We will turn momentarily to the transcript of the exchange between Sessions and Senator Al Franken (D., Minn.). First, let’s highlight the inaccuracy in the testimony. Sessions stated that he did not have “communications with the Russians.” It is now known that there were at least two occasions during the 2016 campaign on which Sessions, then a senator and a member of the chamber’s Armed Services Committee, had contact with Sergey Kislyak, the Russian ambassador to the United States.
One of these occasions is easily dismissed: Apparently, Sessions saw Kislyak, in addition to dozens of other ambassadors, at a Heritage Foundation reception during the Republican convention. As Sessions was leaving the podium, a smaller group of these diplomats, including Kislyak, approached Sessions to chat briefly — mainly to compliment him on his remarks. Even the Washington Post doesn’t think much of this chance meeting (buried deep in its story) other than the fact that it happened.

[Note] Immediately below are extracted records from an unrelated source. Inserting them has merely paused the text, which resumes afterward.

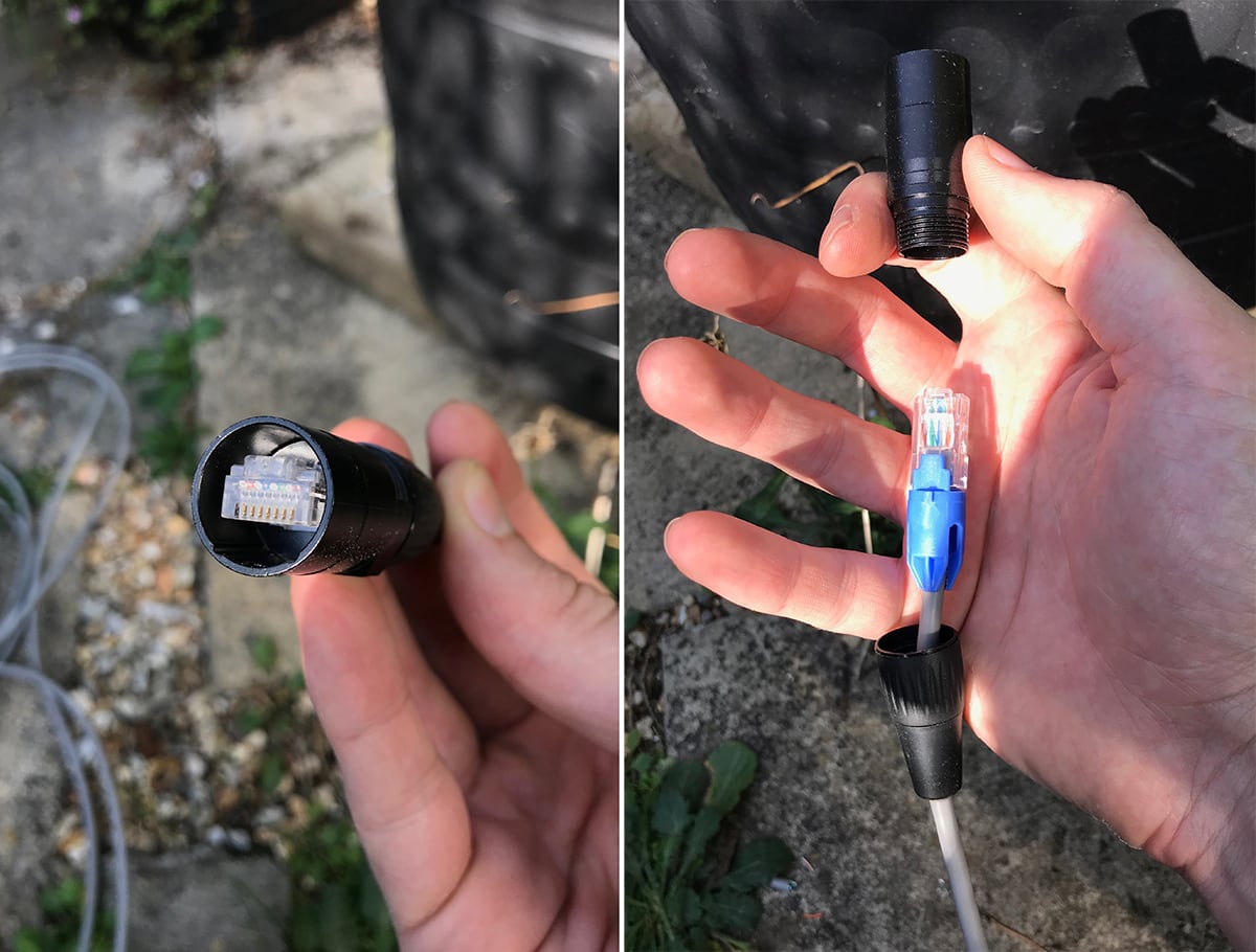 For my installation I also found some neat weatherproof RJ45 (Ethernet)
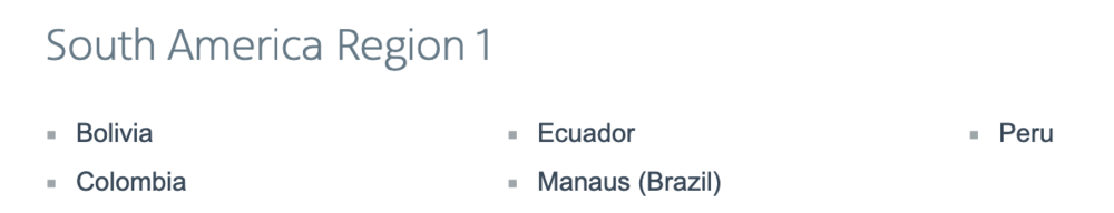One, the definition of “South America 1” is a lot more generous than what you’ll find with, say, Aeroplan’s “Northern South America” geographic zone. While Aeroplan’s definition only reaches Colombia and Ecuador (in addition to Guyana and Venezuela), American AAdvantage extends this relatively cheaper zone all the way to Bolivia, Peru, and northwestern Brazil.
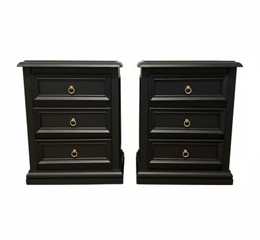Carefully refurbished to bring timeless elegance into your space, this matching pair of bedside tables features a smooth matte black finish accented with classic brass ring handles for a refined, understated look.
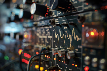 Close up of a control panel with illuminated buttons, switches, and knobs, displaying a signal graph on a screen
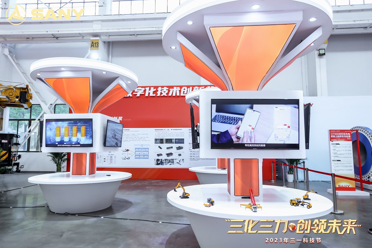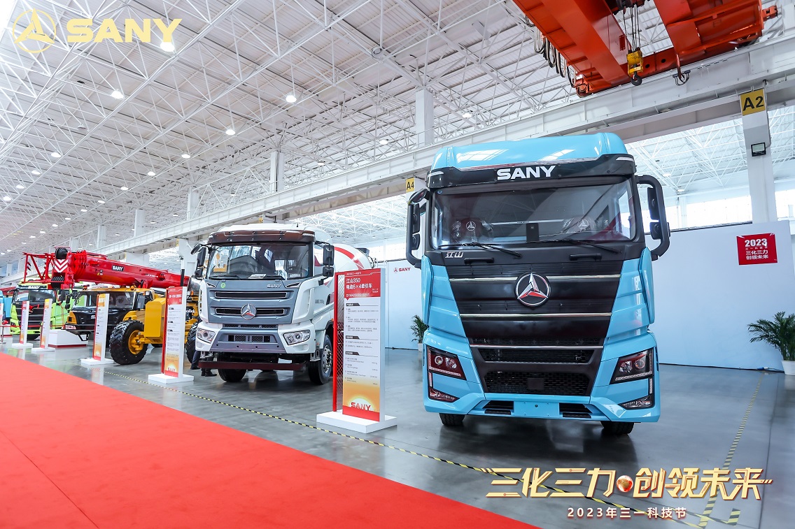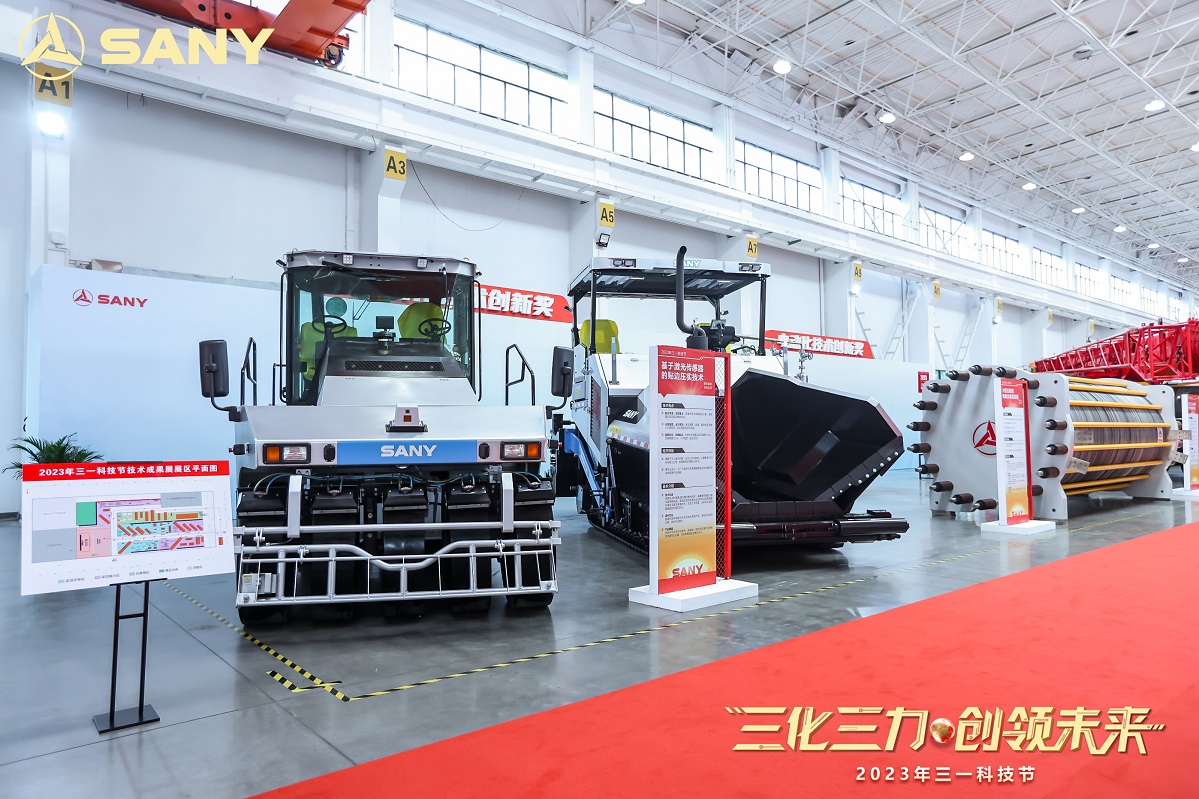 现场,SYM5465THBF 620S泵车、410电动搅拌车、SKT105S系列宽体车等核心产品一一亮相;纯电起重机能量管理技术、基于AR应用的数字孪生技术研究、基于极简结构的电控阀能效控制技术等关键技术依次呈现,全新高端车用驾驶室(328系列)、SY485大挖油缸开发、全国产化控制器等优秀零部件揭开面纱,电动化、数字化、智能化等创新技术更是“十八般武艺”大显身手,精彩纷呈......
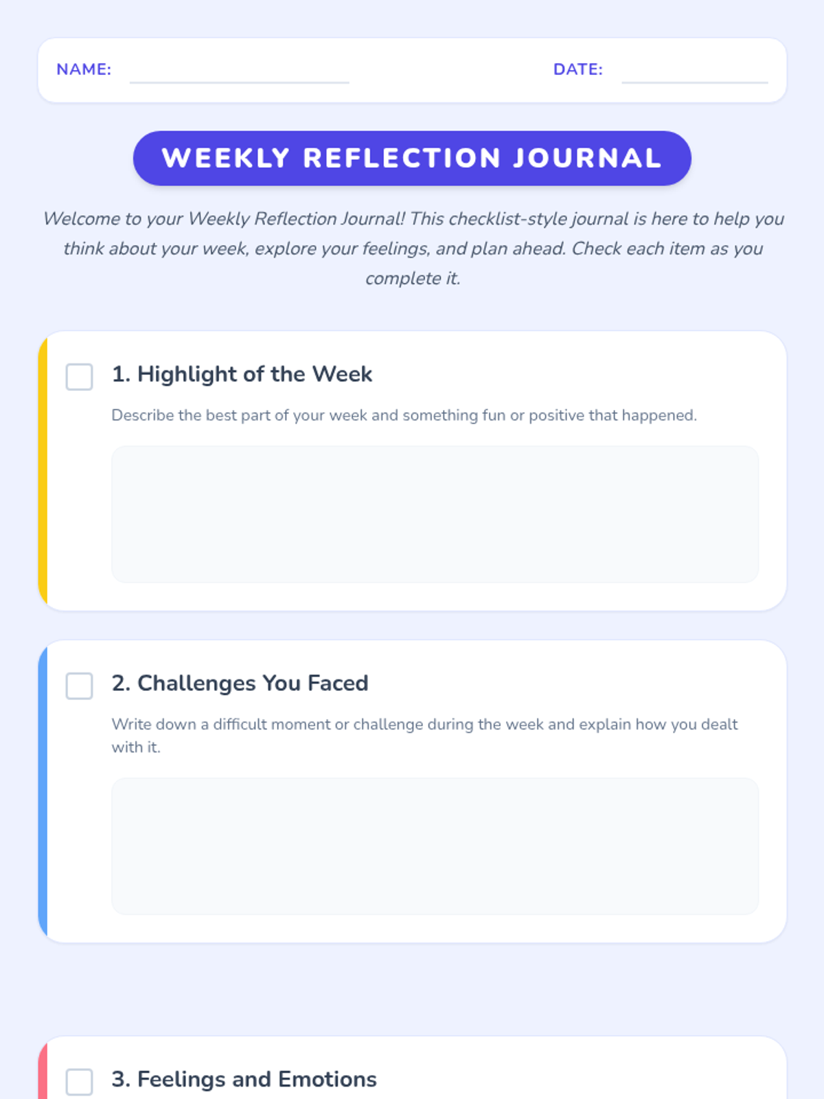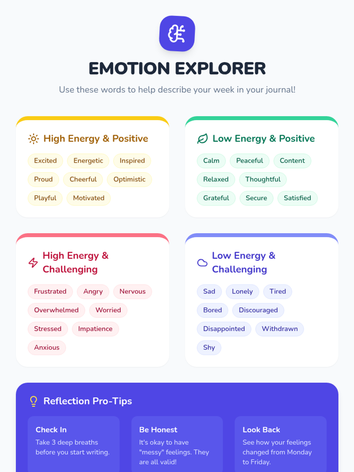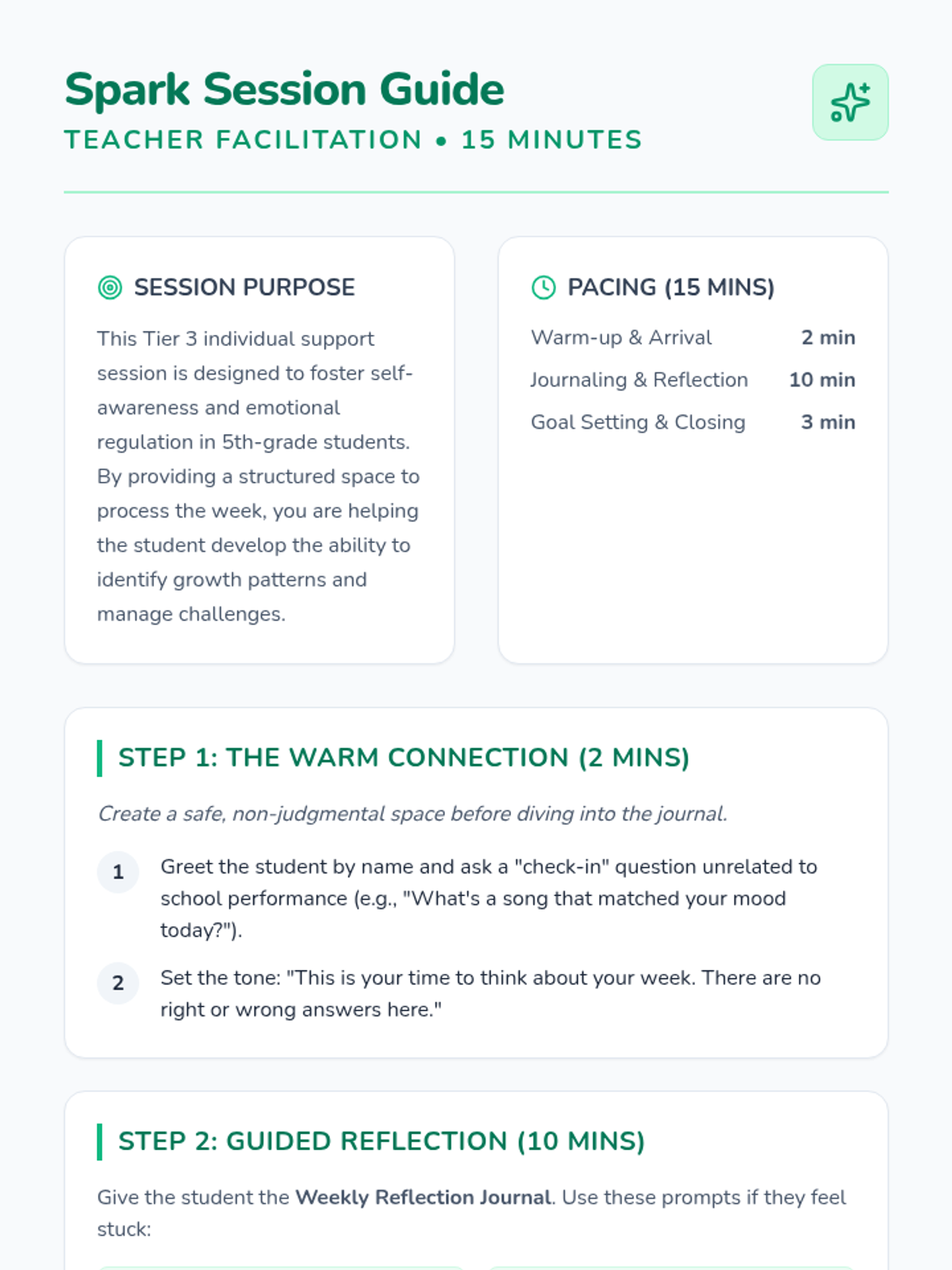 A 15-minute Tier 3 individual support session for 5th-grade students to build self-awareness and emotional intelligence through structured weekly reflection.
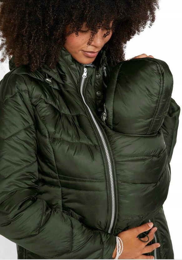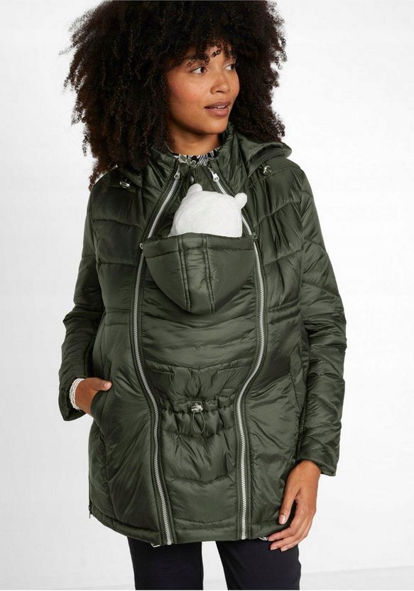 , закрепленная молнией, с неотразимым капюшоном с ремнями. Два кармана по бокам, по боковым швам, молнии, позволяющие расширить слой. Куртка для ношения во время беременности и после родов. На подкладках слегка изолированная, довольно переходная/легкая зима.
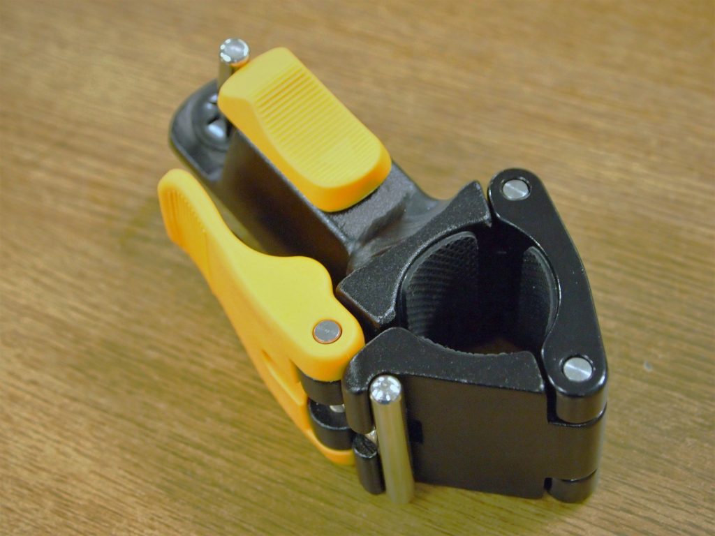 黄色いレバーがスライドして、取り付けた後はトラボーイが外れないように安全装置になっています。
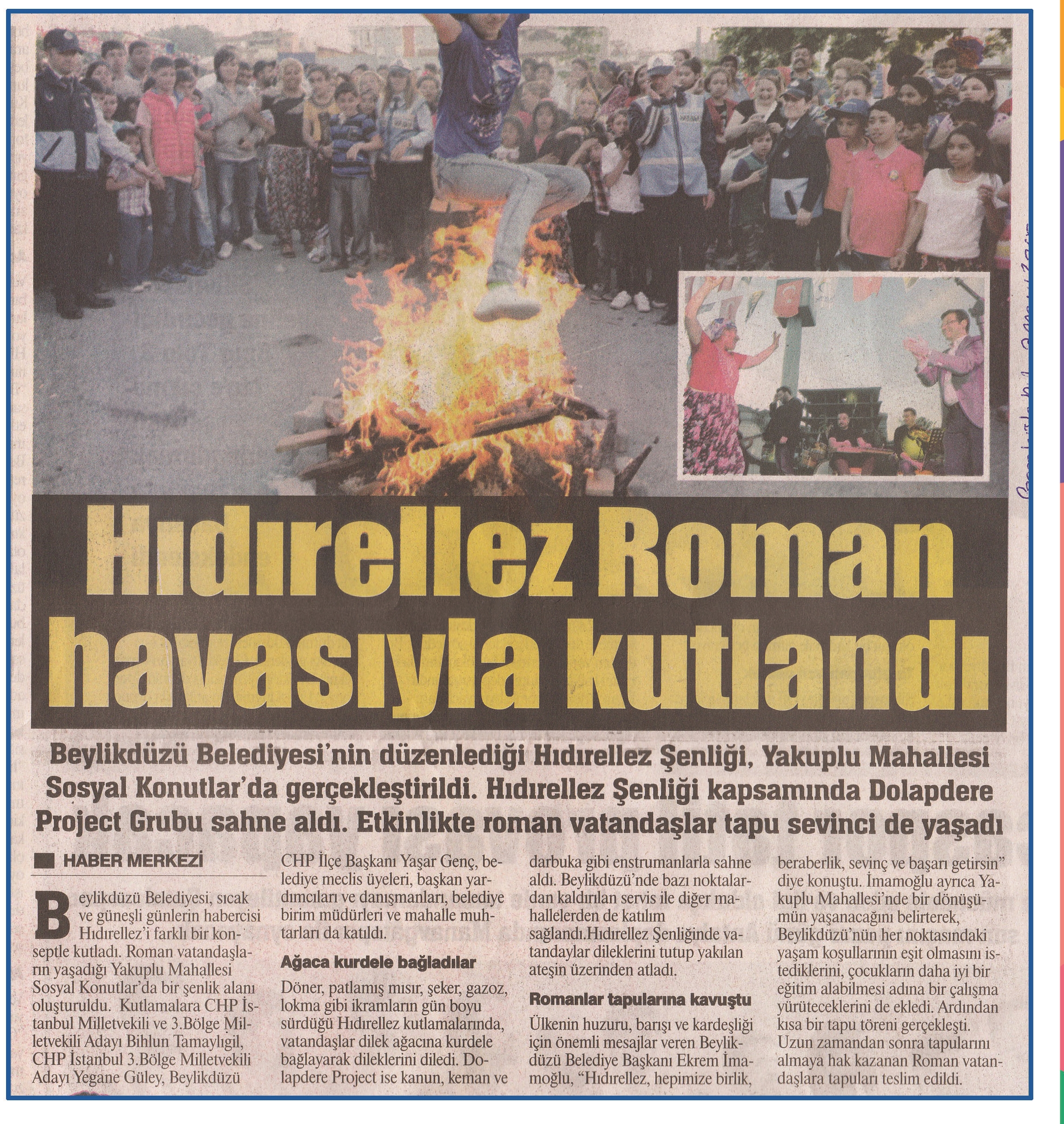 7 Mayıs 2015 tarihli ''GAZETE İSTANBUL'' gazetesi. Beylikdüzü Belediyesi'nin düzenlediği Hıdırellez Şenliği,Yakuplu Mahallesi Sosyal Konutlar'da gerçekleştirildi.Hıdırellez Şenliği kapsamında Dolapdere Project Grubu sahne aldı.Etkinlikte roman vatandaşlar tapu sevinci de yaşadı.
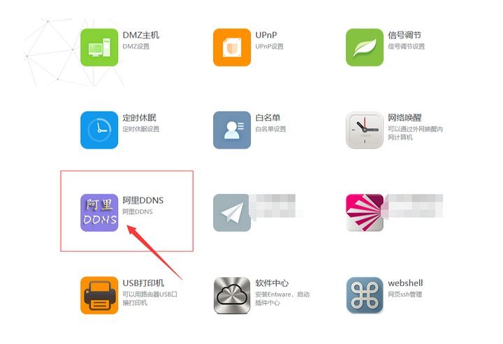 登录路由器后找到并打开aliyunDDNS插件,(不一定叫这个名字,只要插件功能一致即可)
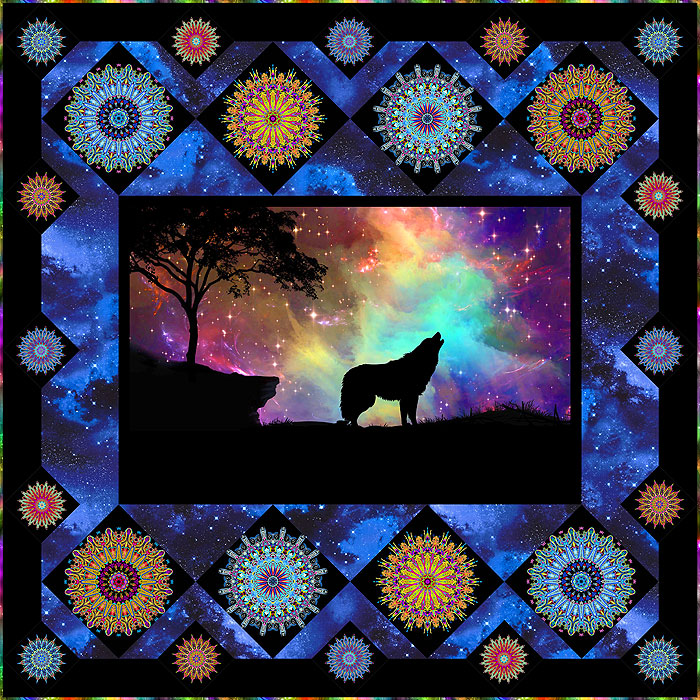 This week’s Free Quilt Pattern features an eQuilter Exclusive digital printed panel, with a dazzling image of a wolf silhouette against an aurora borealis sky.

A second meeting occurred in September in Sessions’s Senate office. The Post dramatically claims that this meeting occurred “at the height of what U.S. intelligence officials say was a Russian cyber campaign to upend the U.S. presidential race.” That is a curious description. The report by intelligence officials claimed that the Russian cyber effort targeted both major parties, not just Democrats. Moreover, the successful hacking of Democratic e-mail accounts had already occurred by September. There is not a shred of evidence that anyone in the Trump campaign was in any way complicit in the hacking, much less that the hacking affected the outcome of the election. To the unknowable but probably inconsequential extent that the Trump campaign may have benefited from disclosure of John Podesta’s e-mails, there is nothing criminal about that — no more than there is anything criminal in the fact that the much of the American media skew their coverage in favor of Democrats.